* What you have to do: The response should repeat word for word every line below from the one with "[서울=뉴시스] 24일 통계청에" to the one with "果汁がしたたるフレッシュな輪切りレモンの断面 - レモン果汁やビタミンC、酸味のイメージイラスト素材", inclusive, and nothing else; leave pictures out.

* Source data:
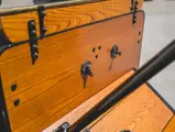 This GMC Model 16 ¾-Ton Express was formerly part of the Merrick Auto Museum in Grand Island, Nebraska. It is said to have been purchased by a GMC dealership, which reportedly commissioned a ground-up restoration to its present condition. The result is striking, with the long wood panels of its cargo bed varnished in a lovely natural finish and featuring black panel-striping to match the gloss black fenders and hood. Lovely button-tufted olive leather covers the seats and coordinates well with the green frame rails. Other features include nickel headlamps, Yankee oil sidelamps and taillamps, and an Armstrong crank for starting.
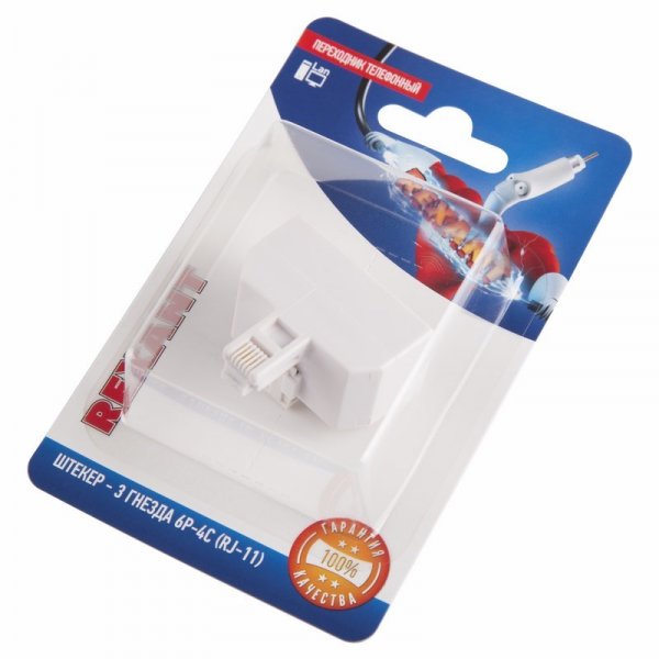 Телефонный тройник 6Р-4С (RJ-11) незаменим для прокладки телефонных кабелей и настройки телекоммуникационной сети, если требуется получить три выхода для кабелей. На одном конце тройника расположен штекер 6Р-4С (RJ-11), подключающийся в телефонное гнездо 6P-4C (RJ-11), на другом конце - три гнезда 6Р-4С (RJ-11), предназначенные для трех телефонных кабелей.
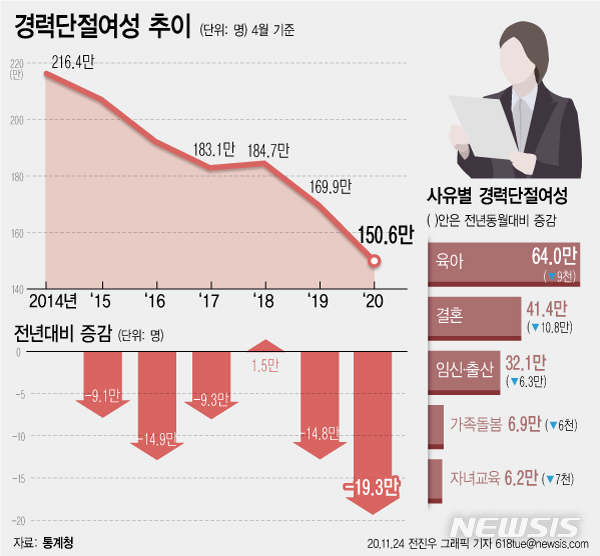 [서울=뉴시스] 24일 통계청에 따르면 올해 4월 기준 경력단절여성는 전년보다 19만3000명 감소한 150만6000명으로 2014년 통계 작성 이래 가장 적었던 것으로 나타났다. 코로나19 확산으로 결혼을 미루는 현상이 두드러지면서 기혼여성이 줄어들고 아이를 낳지 않는 경향이 사회적으로 늘어나고 있기 때문으로 분석된다. (그래픽=전진우 기자)
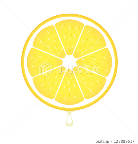 果汁がしたたるフレッシュな輪切りレモンの断面 - レモン果汁やビタミンC、酸味のイメージイラスト素材
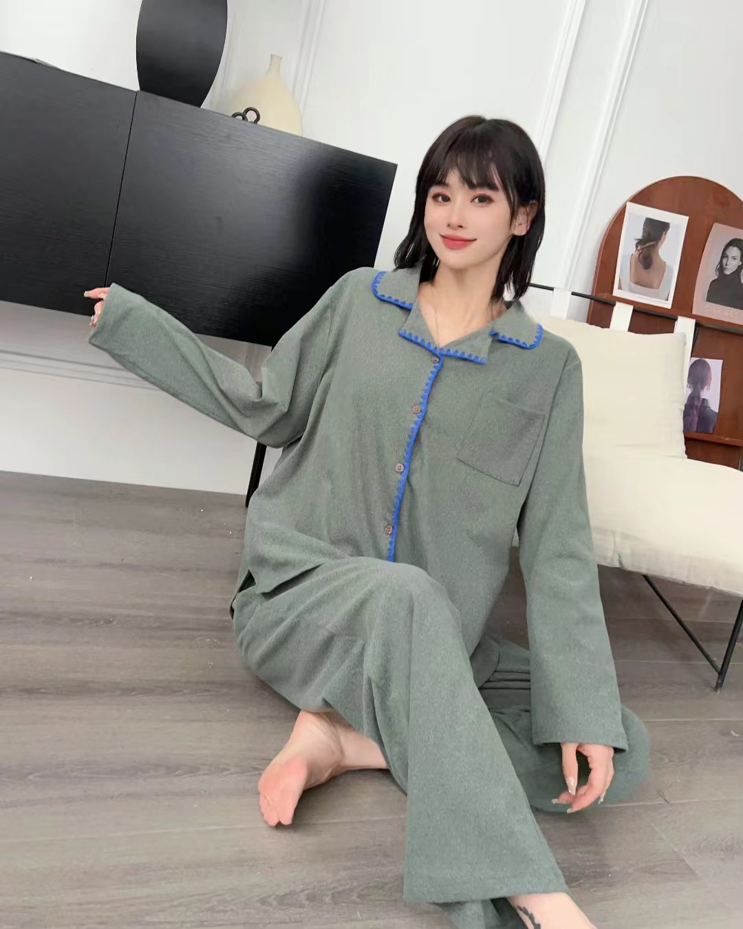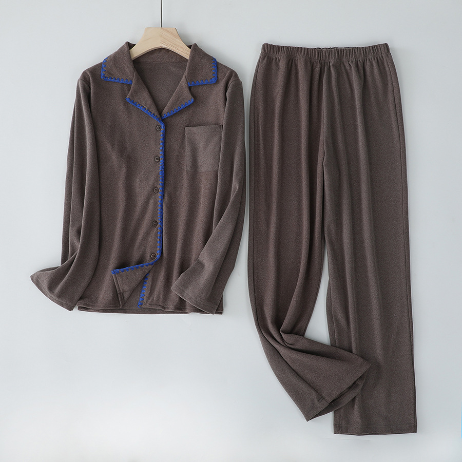 가을과 겨울 여성용 두꺼운 긴팔 따뜻한 벨벳 단색 심플 홈 세트 위한 한국 스타일 신상품 잠옷스토어 가기
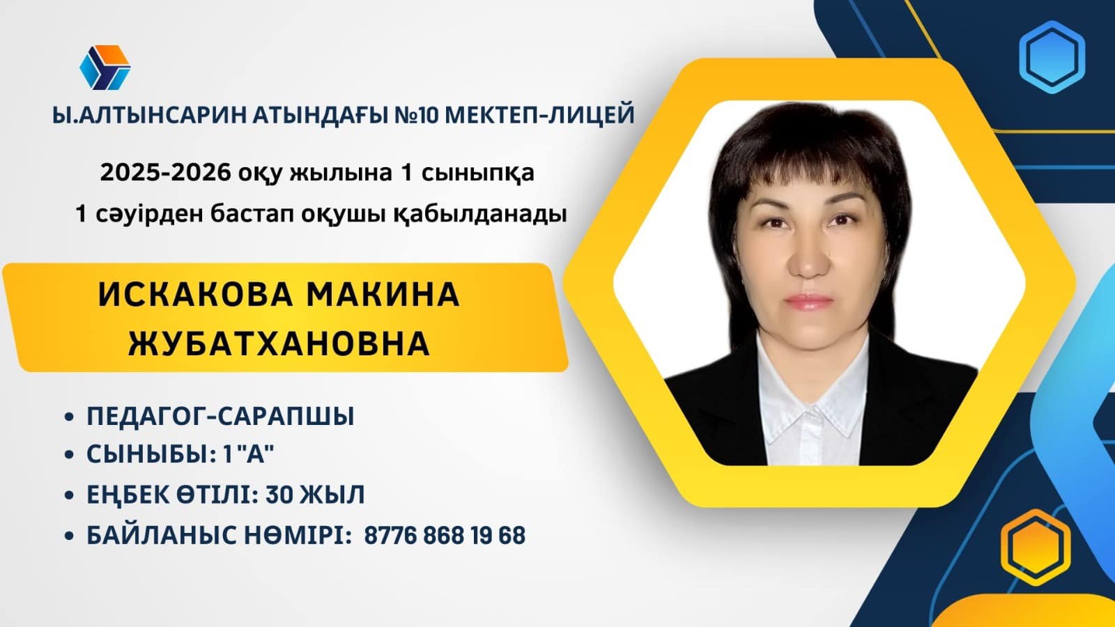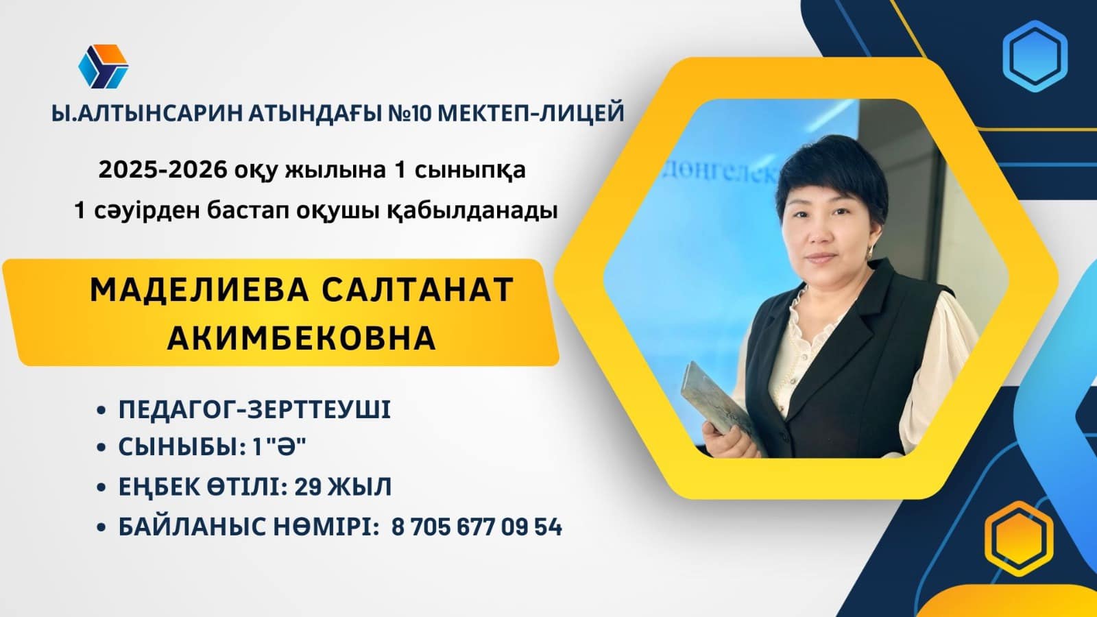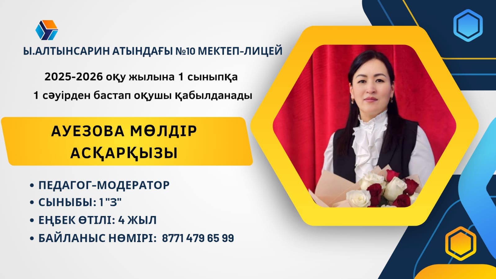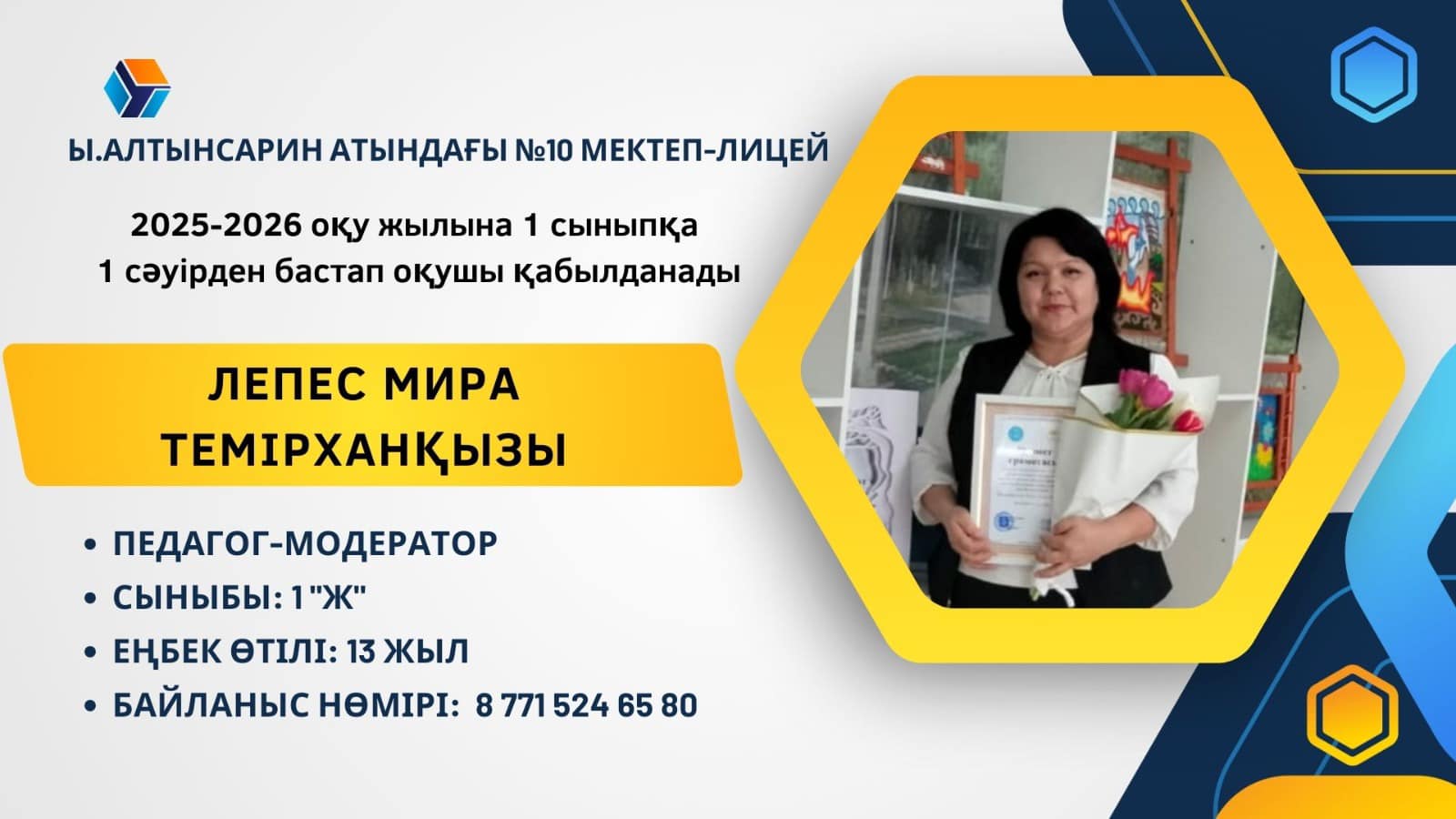 Ы. Алтынсарин атындағы 10 мектеп - лицей 2025 жылдың 1 сәуір - 31 тамыз аралығында 1 сыныпқа құжаттар қабылдайды.
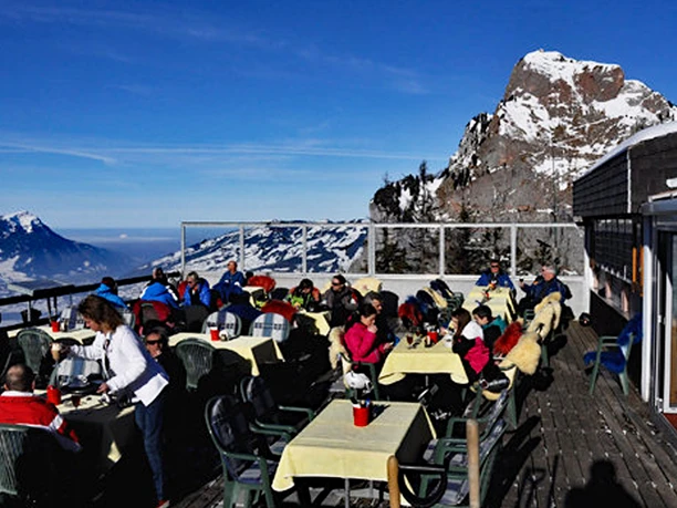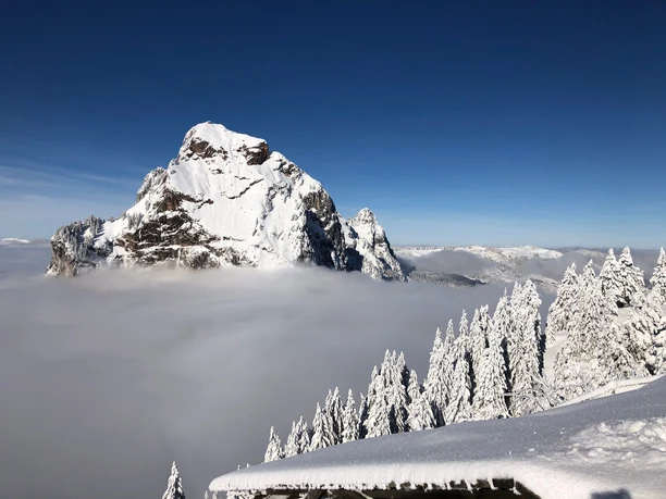 This short but extremely beautiful trail offers marvellous views of the Grosser Mythen, the Muotathal and Lakes Lucerne, Lauerz and Zug and promises a wonderful winter's day. A tip: For extra fun, you can choose to sledge down to Schwyz at the end. You start at the Rotenflue cable car and head towards the Rotenfluh mountain inn, continuing along the perfectly groomed trail past the Alp Rotenfluh kiosk. At the end, the route climbs a little to the Rotenflue mountain station, where you can enjoy a delicious coffee in the Gipfelstubli restaurant.
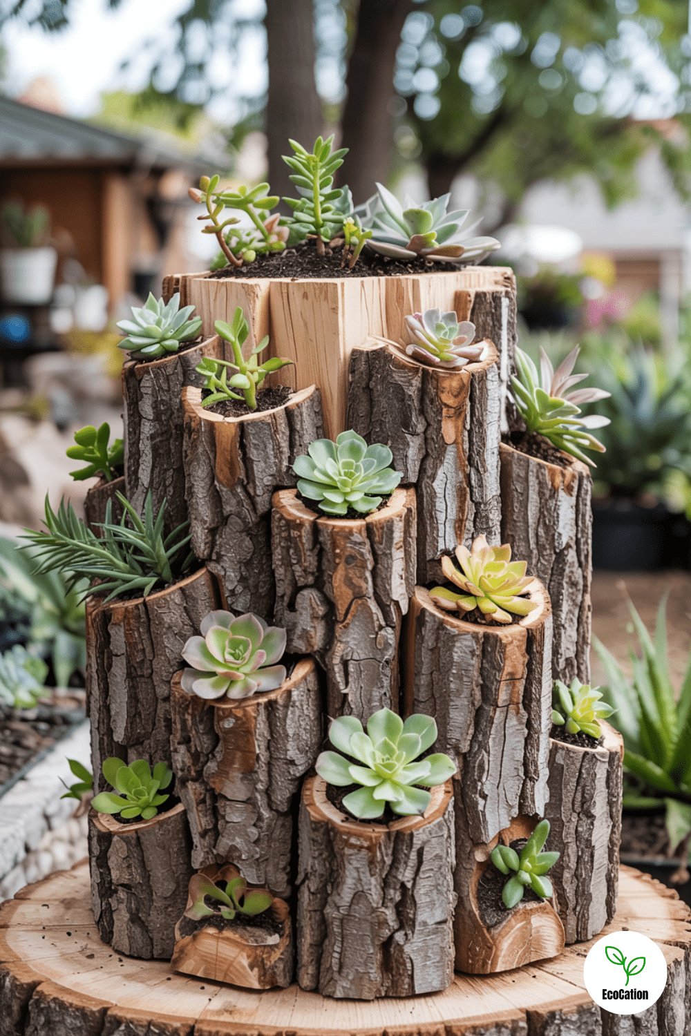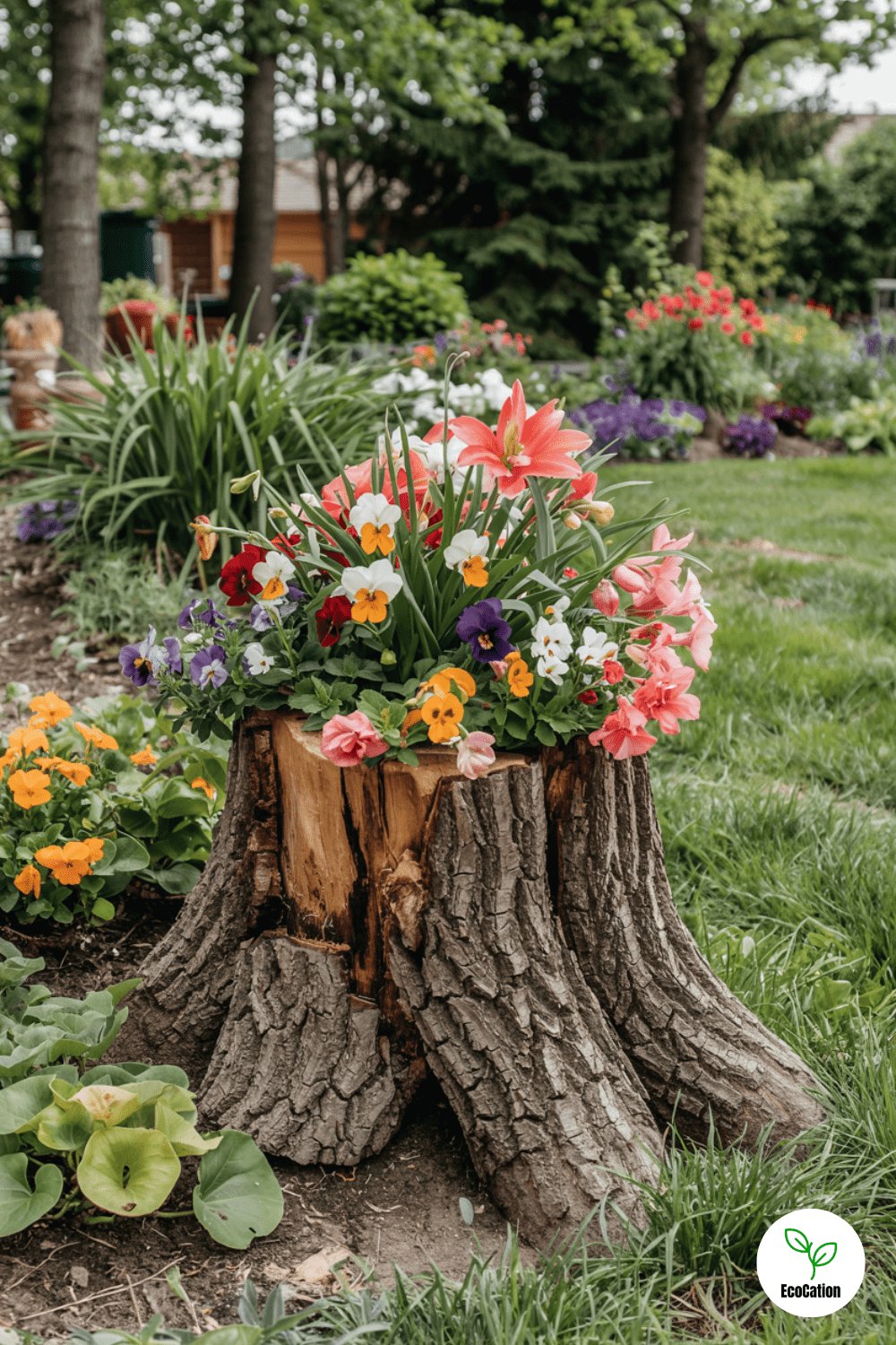 Give vertical interest to your garden by carving planting pockets into the sides of a standing stump. Fill them with drought-resistant succulents like hens-and-chicks or sedum that thrive in shallow soil. The decaying wood provides perfect drainage for these low-maintenance plants. Rotate the stump occasionally so all sides get equal sunlight for even growth.
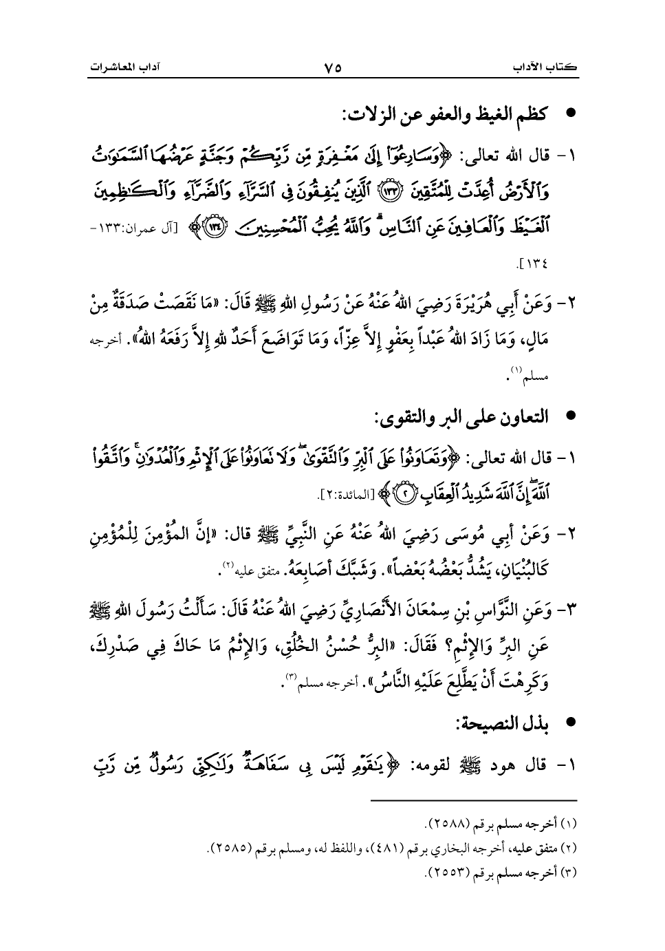 1 - قال الله تعالى: {وَسَارِعُوا إِلَى مَغْفِرَةٍ مِنْ رَبِّكُمْ وَجَنَّةٍ عَرْضُهَا السَّمَاوَاتُ وَالْأَرْضُ أُعِدَّتْ لِلْمُتَّقِينَ (133) الَّذِينَ يُنْفِقُونَ فِي السَّرَّاءِ وَالضَّرَّاءِ وَالْكَاظِمِينَ الْغَيْظَ وَالْعَافِينَ عَنِ النَّاسِ وَاللَّهُ يُحِبُّ الْمُحْسِنِينَ (134)} [آل عمران:133 - 134].

* Output:
 [서울=뉴시스] 24일 통계청에 따르면 올해 4월 기준 경력단절여성는 전년보다 19만3000명 감소한 150만6000명으로 2014년 통계 작성 이래 가장 적었던 것으로 나타났다. 코로나19 확산으로 결혼을 미루는 현상이 두드러지면서 기혼여성이 줄어들고 아이를 낳지 않는 경향이 사회적으로 늘어나고 있기 때문으로 분석된다. (그래픽=전진우 기자)
 果汁がしたたるフレッシュな輪切りレモンの断面 - レモン果汁やビタミンC、酸味のイメージイラスト素材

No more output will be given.